Given records:

————————

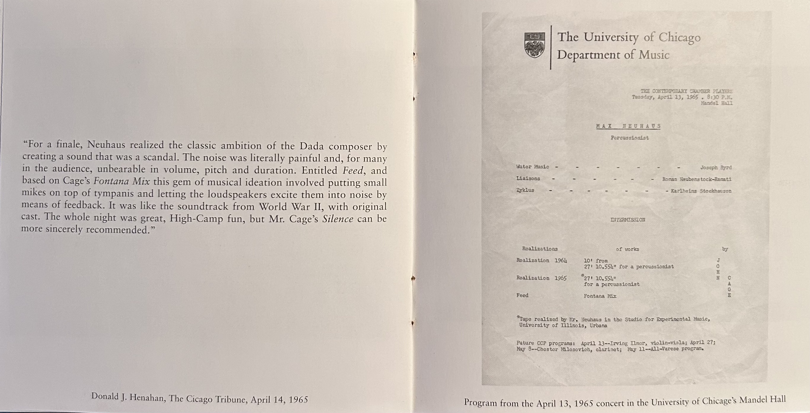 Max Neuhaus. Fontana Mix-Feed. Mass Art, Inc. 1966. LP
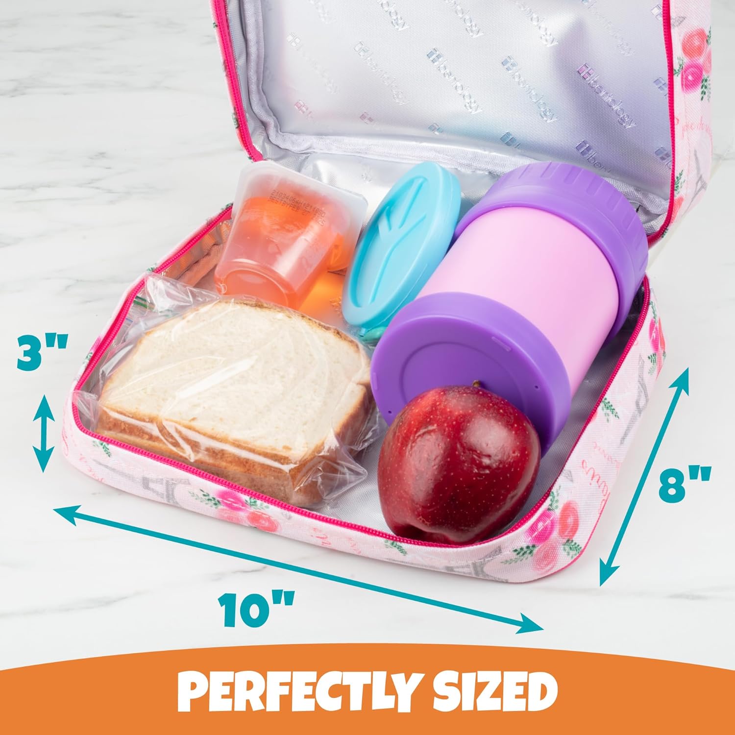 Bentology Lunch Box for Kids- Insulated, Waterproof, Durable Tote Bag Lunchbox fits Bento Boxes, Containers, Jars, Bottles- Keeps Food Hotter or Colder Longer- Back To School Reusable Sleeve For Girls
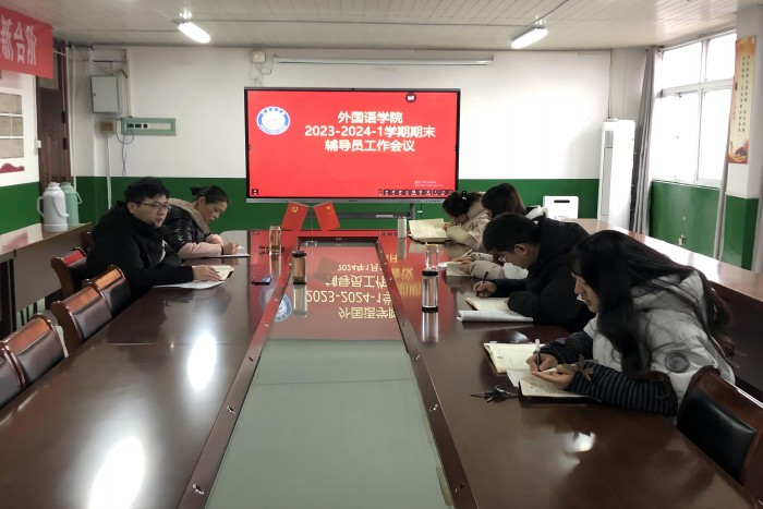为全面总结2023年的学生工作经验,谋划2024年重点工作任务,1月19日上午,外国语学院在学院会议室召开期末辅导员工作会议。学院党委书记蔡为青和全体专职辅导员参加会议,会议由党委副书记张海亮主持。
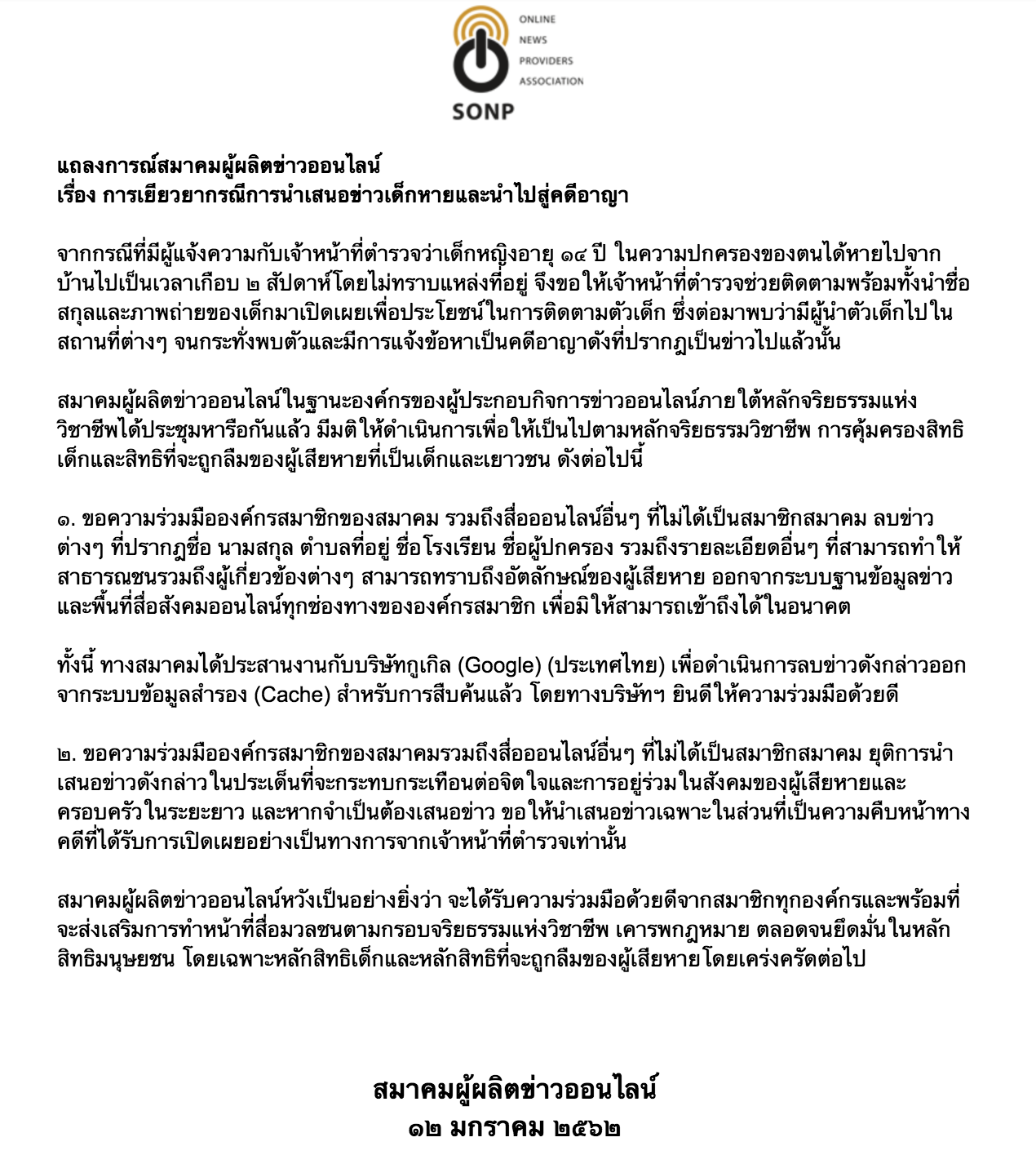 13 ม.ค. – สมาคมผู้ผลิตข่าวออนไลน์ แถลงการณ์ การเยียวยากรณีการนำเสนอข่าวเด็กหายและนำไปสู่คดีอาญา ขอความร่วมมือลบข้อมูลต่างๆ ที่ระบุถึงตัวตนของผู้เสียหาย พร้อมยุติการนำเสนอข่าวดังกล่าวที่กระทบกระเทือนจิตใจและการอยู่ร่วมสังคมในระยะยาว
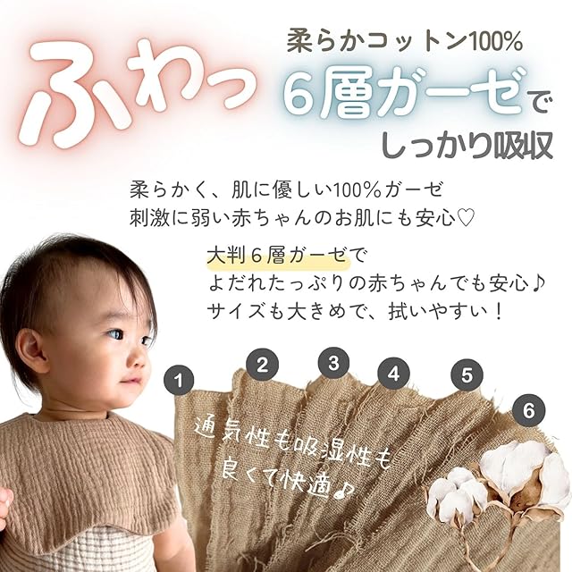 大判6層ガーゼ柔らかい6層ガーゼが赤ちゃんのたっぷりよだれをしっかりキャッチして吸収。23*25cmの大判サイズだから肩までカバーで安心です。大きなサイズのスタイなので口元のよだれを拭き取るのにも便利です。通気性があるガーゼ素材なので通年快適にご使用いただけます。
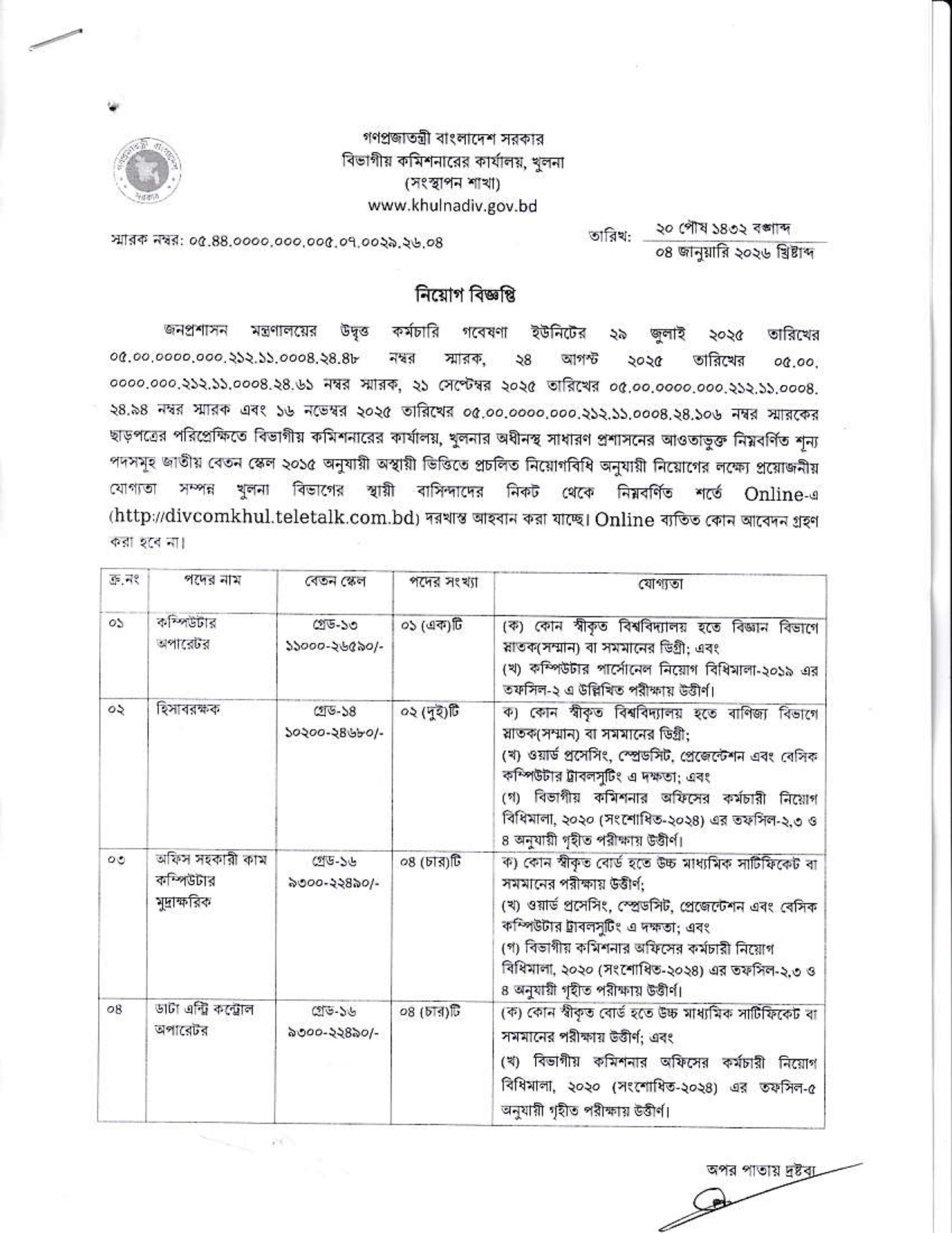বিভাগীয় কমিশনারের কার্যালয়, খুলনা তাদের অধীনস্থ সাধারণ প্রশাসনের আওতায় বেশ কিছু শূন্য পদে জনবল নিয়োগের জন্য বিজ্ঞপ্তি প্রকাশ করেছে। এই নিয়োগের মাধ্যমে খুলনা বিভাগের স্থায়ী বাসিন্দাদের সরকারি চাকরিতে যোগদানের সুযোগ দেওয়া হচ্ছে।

————————

Prompt: Repeat word for word the lines above, from the first entry through the line containing "为全面总结2023年的学生工", with both ends kept and the pictures dropped.

Answer section:
 Max Neuhaus. Fontana Mix-Feed. Mass Art, Inc. 1966. LP
 Bentology Lunch Box for Kids- Insulated, Waterproof, Durable Tote Bag Lunchbox fits Bento Boxes, Containers, Jars, Bottles- Keeps Food Hotter or Colder Longer- Back To School Reusable Sleeve For Girls
为全面总结2023年的学生工作经验,谋划2024年重点工作任务,1月19日上午,外国语学院在学院会议室召开期末辅导员工作会议。学院党委书记蔡为青和全体专职辅导员参加会议,会议由党委副书记张海亮主持。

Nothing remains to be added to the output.